Record extracts:

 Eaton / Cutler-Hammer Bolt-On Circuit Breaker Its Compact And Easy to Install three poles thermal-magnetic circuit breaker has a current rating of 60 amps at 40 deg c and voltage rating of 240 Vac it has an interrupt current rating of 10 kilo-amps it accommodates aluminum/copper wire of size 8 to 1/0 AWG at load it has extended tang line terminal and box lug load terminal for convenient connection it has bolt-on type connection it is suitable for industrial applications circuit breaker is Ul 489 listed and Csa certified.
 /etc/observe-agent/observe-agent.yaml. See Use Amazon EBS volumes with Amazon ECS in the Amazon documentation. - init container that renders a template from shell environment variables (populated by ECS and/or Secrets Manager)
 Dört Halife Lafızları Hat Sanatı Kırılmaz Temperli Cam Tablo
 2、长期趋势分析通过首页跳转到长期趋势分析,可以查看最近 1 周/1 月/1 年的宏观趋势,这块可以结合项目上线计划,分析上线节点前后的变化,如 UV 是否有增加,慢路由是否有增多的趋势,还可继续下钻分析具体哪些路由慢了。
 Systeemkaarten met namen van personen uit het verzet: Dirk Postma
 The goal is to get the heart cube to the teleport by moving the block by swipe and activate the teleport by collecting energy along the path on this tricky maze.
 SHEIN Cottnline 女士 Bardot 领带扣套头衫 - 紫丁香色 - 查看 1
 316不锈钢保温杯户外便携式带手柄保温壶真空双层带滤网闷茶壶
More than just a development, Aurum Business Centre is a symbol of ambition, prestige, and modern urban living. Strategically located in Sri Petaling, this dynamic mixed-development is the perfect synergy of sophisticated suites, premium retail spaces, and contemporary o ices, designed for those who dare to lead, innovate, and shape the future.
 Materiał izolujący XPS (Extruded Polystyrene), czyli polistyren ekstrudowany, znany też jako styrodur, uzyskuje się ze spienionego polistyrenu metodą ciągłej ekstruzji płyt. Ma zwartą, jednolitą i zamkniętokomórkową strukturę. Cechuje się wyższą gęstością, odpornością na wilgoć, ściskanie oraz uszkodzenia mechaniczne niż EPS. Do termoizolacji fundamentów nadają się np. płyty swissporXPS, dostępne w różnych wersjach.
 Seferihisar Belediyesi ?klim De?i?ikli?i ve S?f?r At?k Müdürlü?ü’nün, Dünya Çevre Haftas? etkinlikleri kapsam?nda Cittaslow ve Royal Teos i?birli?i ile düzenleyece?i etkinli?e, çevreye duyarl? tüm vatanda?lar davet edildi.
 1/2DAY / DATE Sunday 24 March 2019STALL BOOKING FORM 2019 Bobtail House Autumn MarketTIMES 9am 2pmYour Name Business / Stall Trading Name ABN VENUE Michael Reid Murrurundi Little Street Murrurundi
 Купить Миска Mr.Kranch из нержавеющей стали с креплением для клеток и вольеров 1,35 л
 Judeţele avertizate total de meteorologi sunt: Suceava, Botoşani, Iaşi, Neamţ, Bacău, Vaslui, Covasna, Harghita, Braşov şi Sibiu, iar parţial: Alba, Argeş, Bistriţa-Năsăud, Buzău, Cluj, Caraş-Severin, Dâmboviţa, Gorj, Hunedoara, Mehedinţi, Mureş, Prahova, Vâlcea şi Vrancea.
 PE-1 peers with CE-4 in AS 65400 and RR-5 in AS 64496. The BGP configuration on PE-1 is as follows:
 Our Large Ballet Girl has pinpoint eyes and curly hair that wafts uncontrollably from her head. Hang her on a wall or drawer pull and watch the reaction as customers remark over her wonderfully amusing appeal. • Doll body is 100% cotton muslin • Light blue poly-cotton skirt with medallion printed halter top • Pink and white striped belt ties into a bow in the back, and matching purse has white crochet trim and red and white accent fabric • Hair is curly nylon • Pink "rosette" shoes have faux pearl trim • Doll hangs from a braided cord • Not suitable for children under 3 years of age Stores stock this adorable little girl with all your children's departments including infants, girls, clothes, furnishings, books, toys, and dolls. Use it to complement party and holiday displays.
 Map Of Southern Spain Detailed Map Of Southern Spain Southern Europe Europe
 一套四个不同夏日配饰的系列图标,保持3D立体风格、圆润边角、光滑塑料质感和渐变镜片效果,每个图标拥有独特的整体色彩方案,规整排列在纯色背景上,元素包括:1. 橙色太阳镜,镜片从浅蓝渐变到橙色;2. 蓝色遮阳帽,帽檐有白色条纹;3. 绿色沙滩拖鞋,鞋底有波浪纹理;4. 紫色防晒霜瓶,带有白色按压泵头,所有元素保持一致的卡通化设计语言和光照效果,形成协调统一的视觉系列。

Your instructions: Where the listing above has a line with "1/2DAY / DATE", start there, and output every line exactly through the line with "Купить Миска Mr.Kranch", which is also included.

Answer:
 1/2DAY / DATE Sunday 24 March 2019STALL BOOKING FORM 2019 Bobtail House Autumn MarketTIMES 9am 2pmYour Name Business / Stall Trading Name ABN VENUE Michael Reid Murrurundi Little Street Murrurundi
 Купить Миска Mr.Kranch из нержавеющей стали с креплением для клеток и вольеров 1,35 л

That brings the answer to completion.